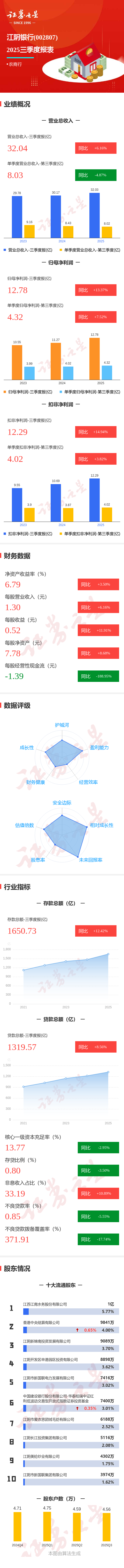 证券之星消息,江阴银行2025年三季报显示,公司主营收入32.04亿元,同比上升6.17%;归母净利润12.78亿元,同比上升13.38%;扣非净利润12.29亿元,同比上升14.94%;其中2025年第三季度,公司单季度主营收入8.03亿元,同比下降4.88%;单季度归母净利润4.32亿元,同比上升7.52%;单季度扣非净利润4.02亿元,同比上升3.82%;负债率90.68%,投资收益9.32亿元。
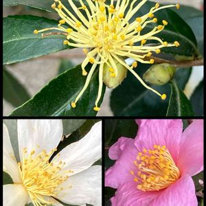 おはようございます🎵 公園に咲いていた山茶花♡ですが…🌸🌿🍁 ↙️↘️は、白とピンクですが、⬆️は、白の花びらが全て散ってしまって、シベだけ残っていました❗️ そして、下の地面には、白い花びらが散り落ちてました…😢💧 シベだけでも咲いている姿に応援したくなりました⤴️🌸🌿
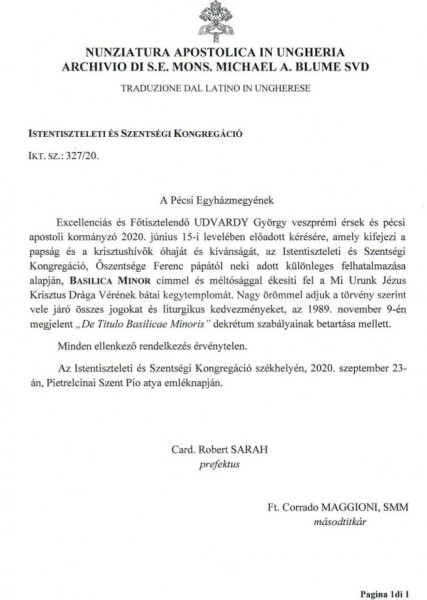 A szentmise kezdetén a nuncius örömmel adott hírt arról, hogy Ferenc pápa basilica minor (kisebb bazilika) címet adományozott a bátai Szent Vér-kegytemplomnak. Ezt követően Udvardy György felolvasta az Istentiszteleti és Szentségi Kongregáció határozatát, majd kifejezte háláját Michael August Blume nuncius hathatós közbenjárásáért, hogy Báta, az ősi kegyhely temploma jelentőségének köszönhetően elnyerte a basilica minor címet.
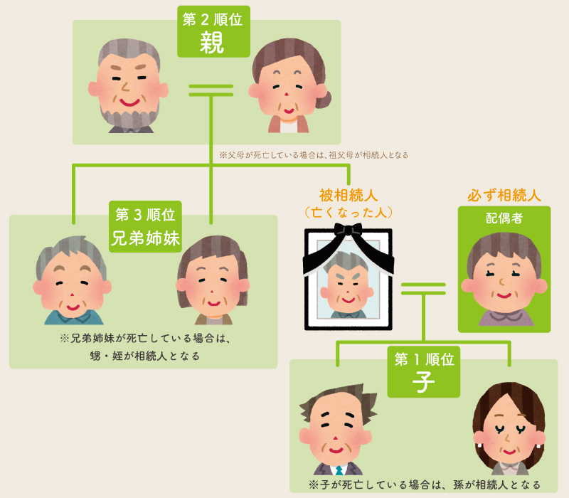 血縁関係によって相続順位(優先順位)が決まっています。
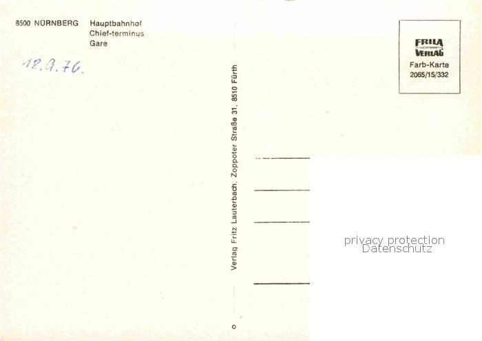 72707089 NueRNBERG CITY Hauptbahnhof postalisch nicht gelaufen Erhaltung siehe scans [WerneD78] KatCode: 11110009564000
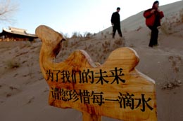 11月29日,幾名游客從月牙泉旁矗立的節(jié)水宣傳牌旁走過。 近日,為有效遏制敦煌生態(tài)環(huán)境惡化勢頭,保護(hù)月牙泉、鳴沙山這一沙泉相伴的自然奇觀,甘肅省啟動(dòng)月牙泉景區(qū)治理工程。該工程計(jì)劃投資7081萬元,通過月牙泉水位下降應(yīng)急治理工程和鳴沙山山體保護(hù)工程,治理流沙對月牙泉的侵害,對其周圍區(qū)域生態(tài)環(huán)境進(jìn)行保護(hù)。 |
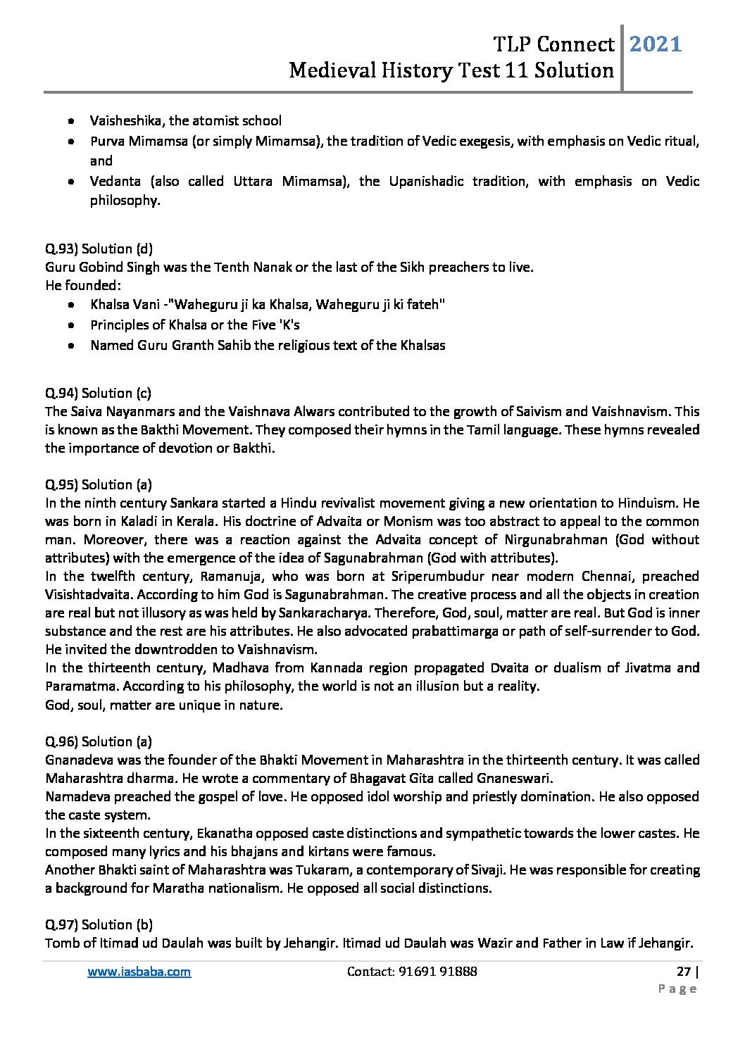 / IASBABA TLP CONNECT PRELIMS TEST-11- MEDIEVAL HISTORY-2022 (BLACK & WHITE)
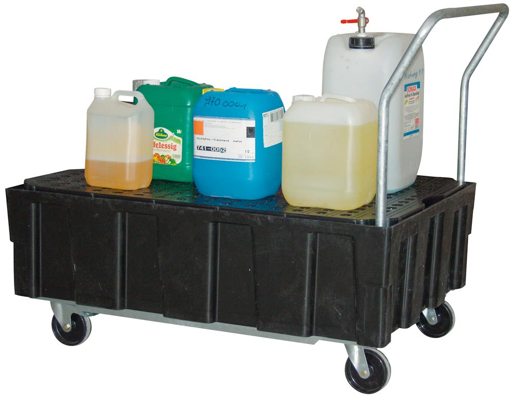 Polyethylen-Auffangwanne mit 2 Lenk- und 2 Bockrollen, mit verzinktem Stahlgitterrost, BxTxH 1290x805x1040 mm, Vol. 224 l E813166
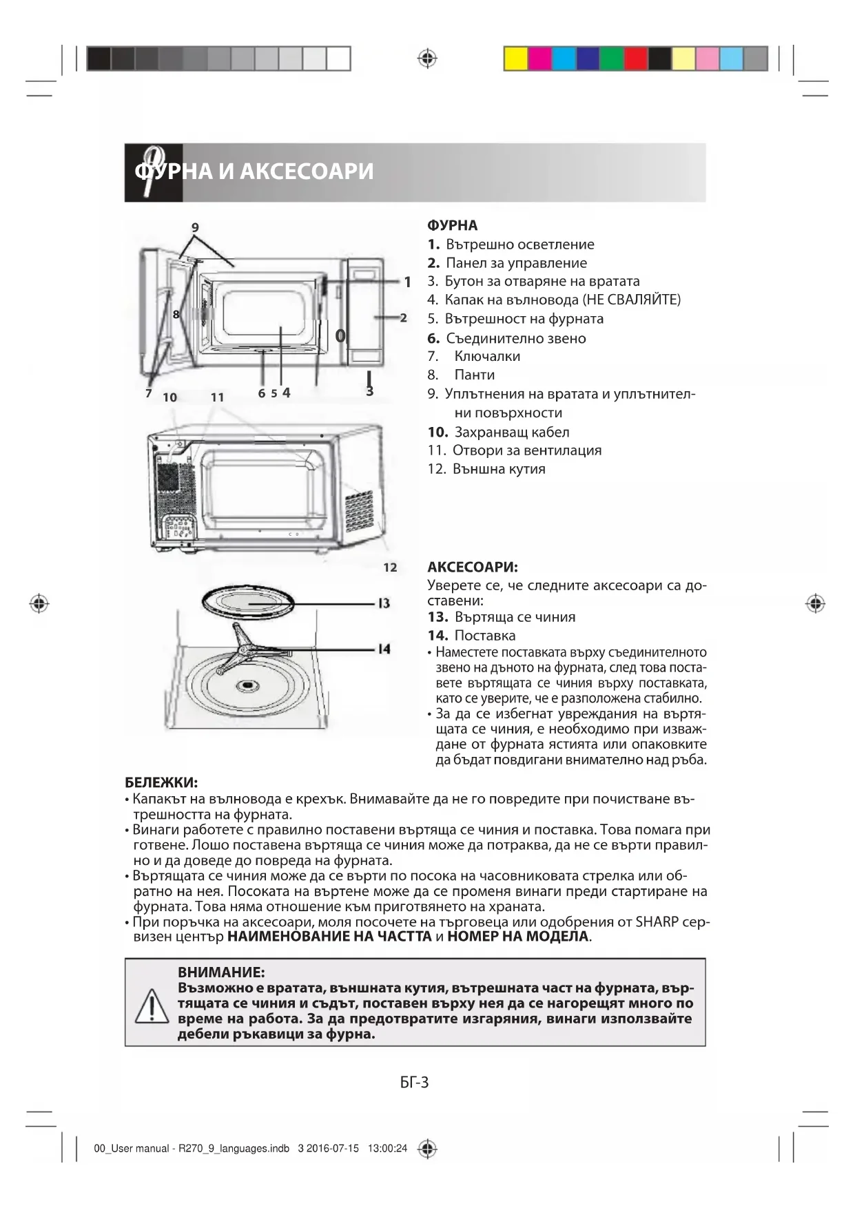 Възможно е вратата, външната кутия, вътрешната част на фурната, вър- тящата се чиния и съдът, поставен върху нея да се нагорещят много по време на работа. За да предотвратите изгаряния, винаги използвайте дебели ръкавици за фурна. 00_User manual - R270_9_languages.indb 3 2016-07-15 13:00:24БГ-4
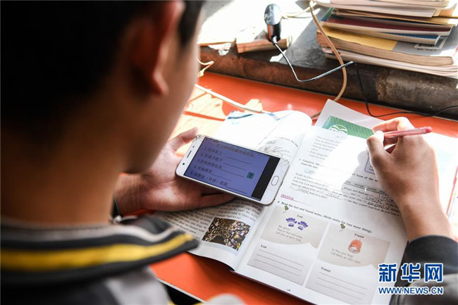 內蒙古準格爾旗龍口鎮(zhèn)紅樹梁村的初一學生劉進才在家中上網(wǎng)課(3月10日攝)。新華社記者 劉磊 攝
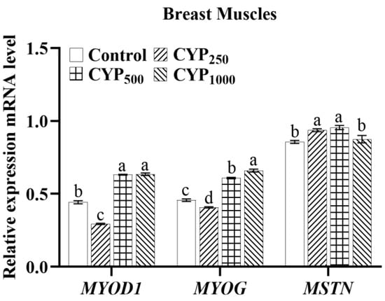 As shown in Figure 2, in breast muscle tissues, CYP500 and CYP1000 groups had higher MYOD1 mRNA expression compared to the control group (p < 0.05). Meanwhile, compared to the control group, the CYP500 and CYP1000 groups had higher MYOG expression, CYP250 and CYP500 groups had higher MSTN expression (p < 0.05).
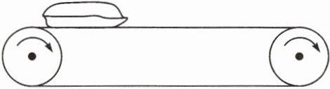 13. 如图所示,水平传送带正将大米从车间运送到粮仓。将一袋重 500N 的大米放在传送带上,米袋先在传送带上滑动,之后与传送带一起匀速运动,米袋滑动时受到的摩擦力大小是其重力的 $ \frac{1}{2} $。米袋在滑动时受到的摩擦力方向向
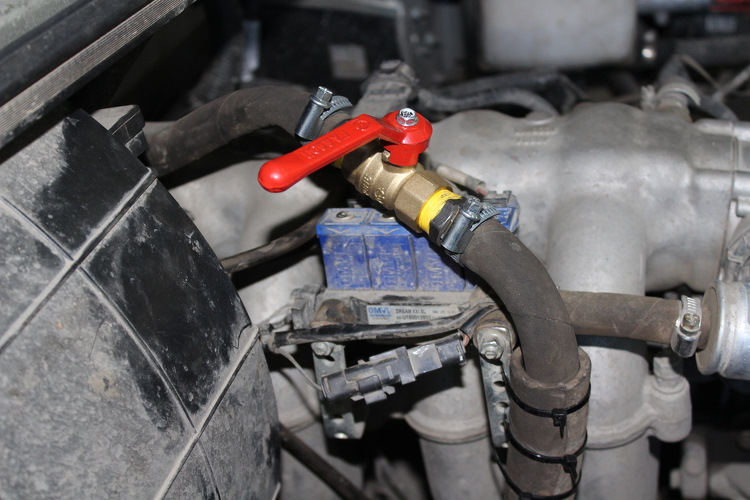 Дополнительный отопитель отключить оказалось тоже делом плёвым, правда, в моторном отсеке при этом поселилось ужасного вида сантехническое изделие, именуемое в простонародьи — краник.
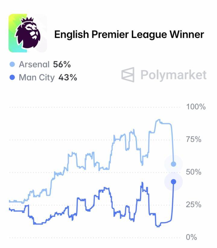 扫描下载懂球帝首页>动态> 英超最新夺冠概率:阿森纳从最高91%跌至56%,曼城升至43%
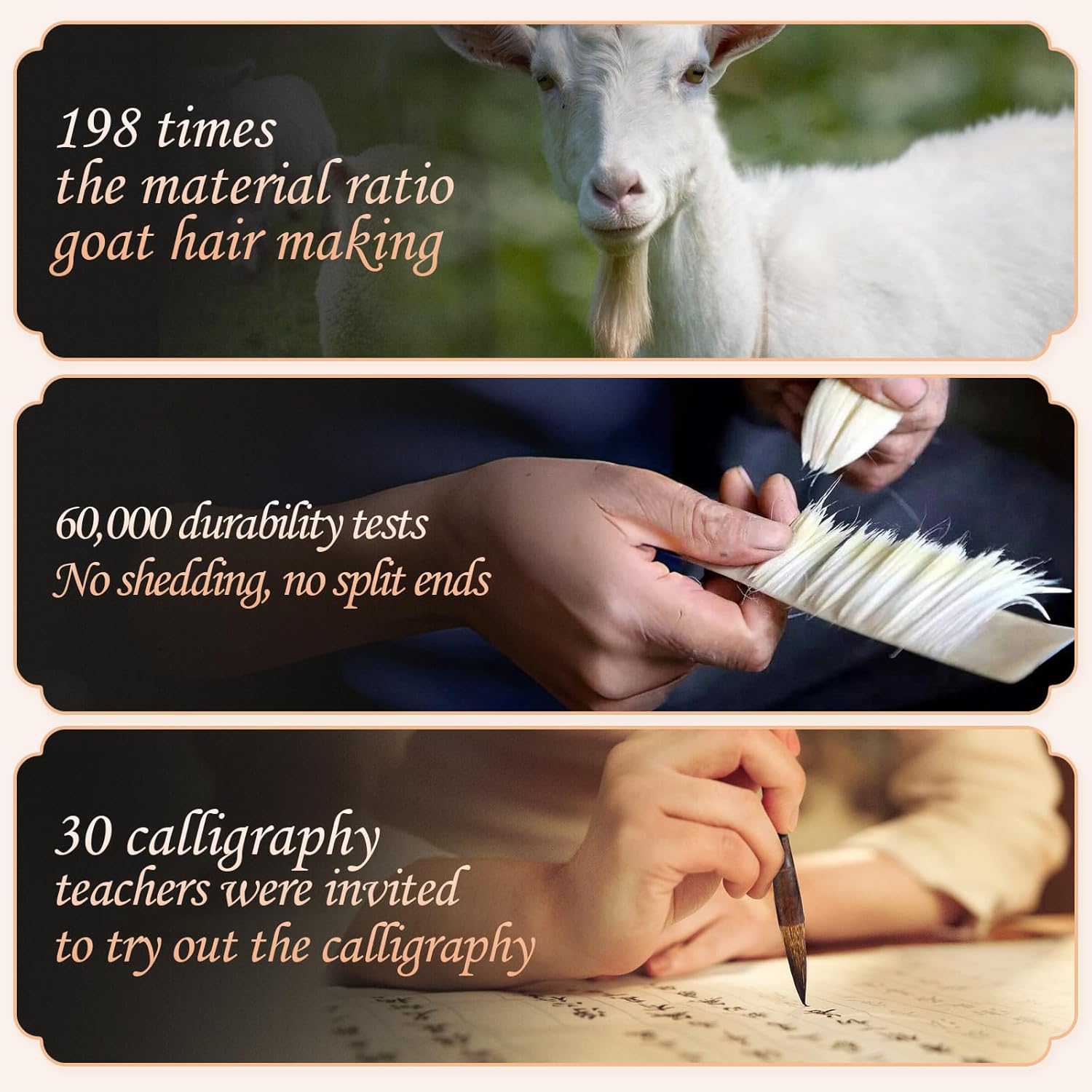 - Versatility and Functionality: Our Chinese calligraphy brush set offers a diverse range of brush types, including 1 piece large goat hair-YangJianHao, 3 pieces wool hair brushes, 2 pieces weasel hair brushes, 3 pieces Jian Hao brushes of goat and wolf hair, 2 pieces rabbit hair brushes, 1 pieces regular script wolf brushes together with 1 piece roll-up brush holder, enough to meet your multiple using needs and convenient for your daily storage.
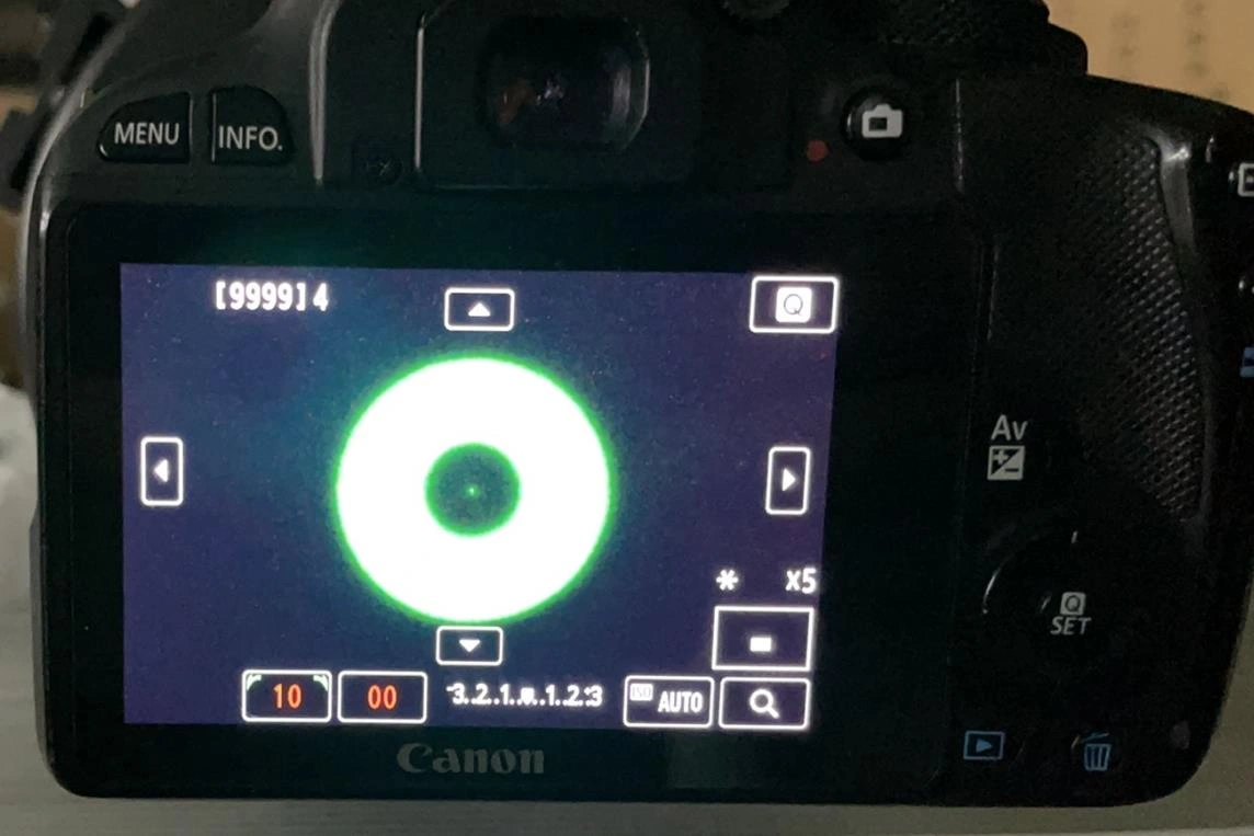 Action: Replace the eyepiece with the camera. Utilize the camera's "Live View" function and activate digital zoom (5x or 10x).
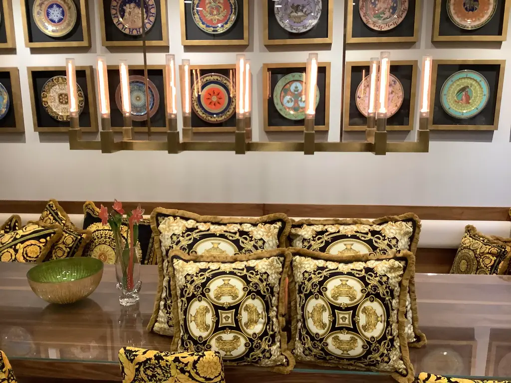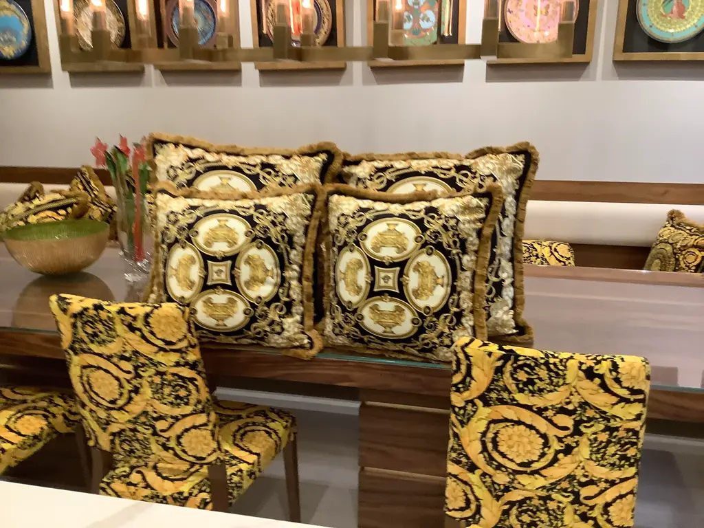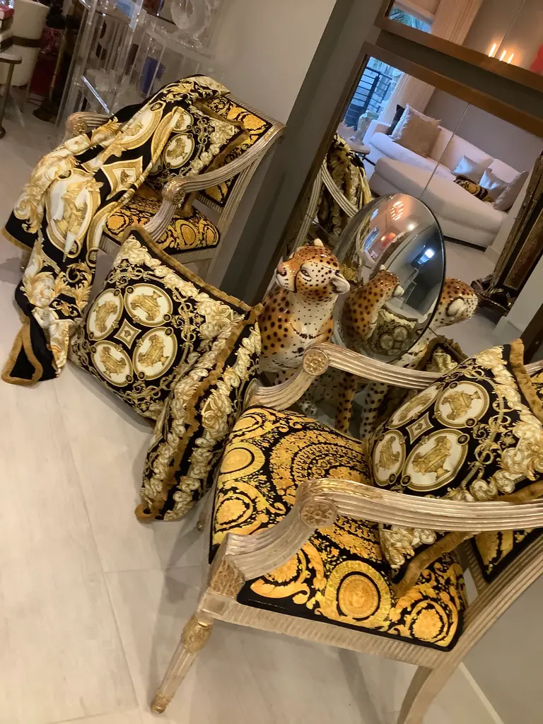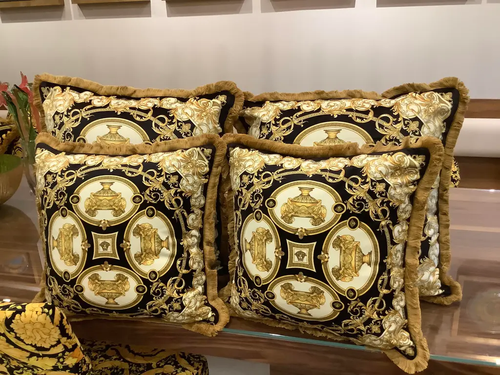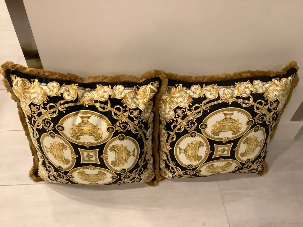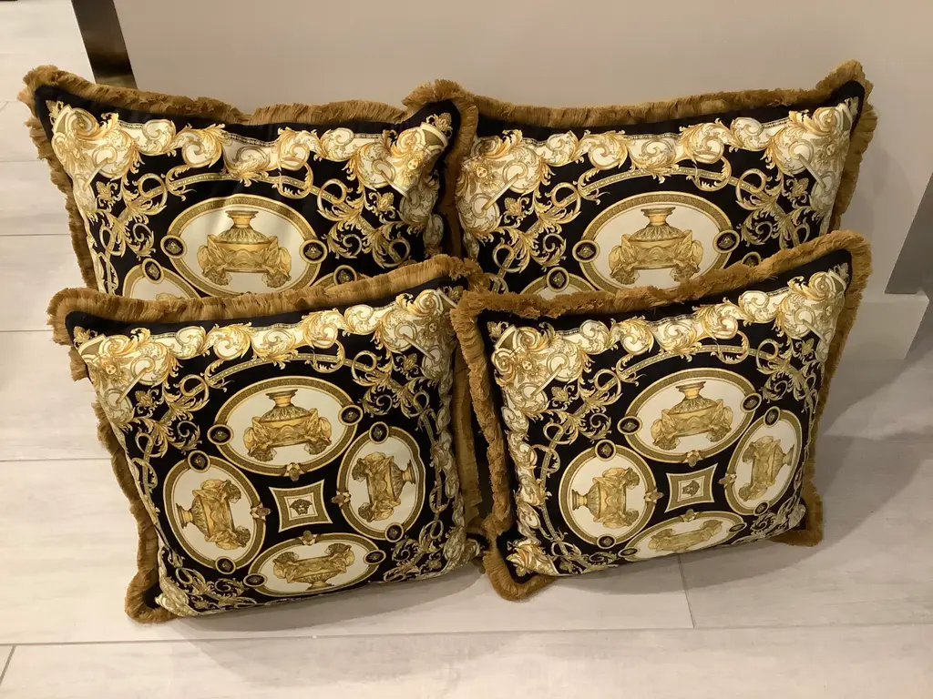 1990s Versace amazing set of 4 pillows lion and urn print set of 2 pillows are 18”18” with inserts the other set is Xl 28”28” with inserts in perfect shape this pillows are custom Made from heavy upholstery velvet fabric
------------------------------------------------------------
Nothing but the lines from the one with "Дополнительный отопитель отключить" to the one with "扫描下载懂球帝首页>动态> 英超最新夺冠" above, both included, should be transcribed, exactly and without pictures.

Written solution:
 Дополнительный отопитель отключить оказалось тоже делом плёвым, правда, в моторном отсеке при этом поселилось ужасного вида сантехническое изделие, именуемое в простонародьи — краник.
 扫描下载懂球帝首页>动态> 英超最新夺冠概率:阿森纳从最高91%跌至56%,曼城升至43%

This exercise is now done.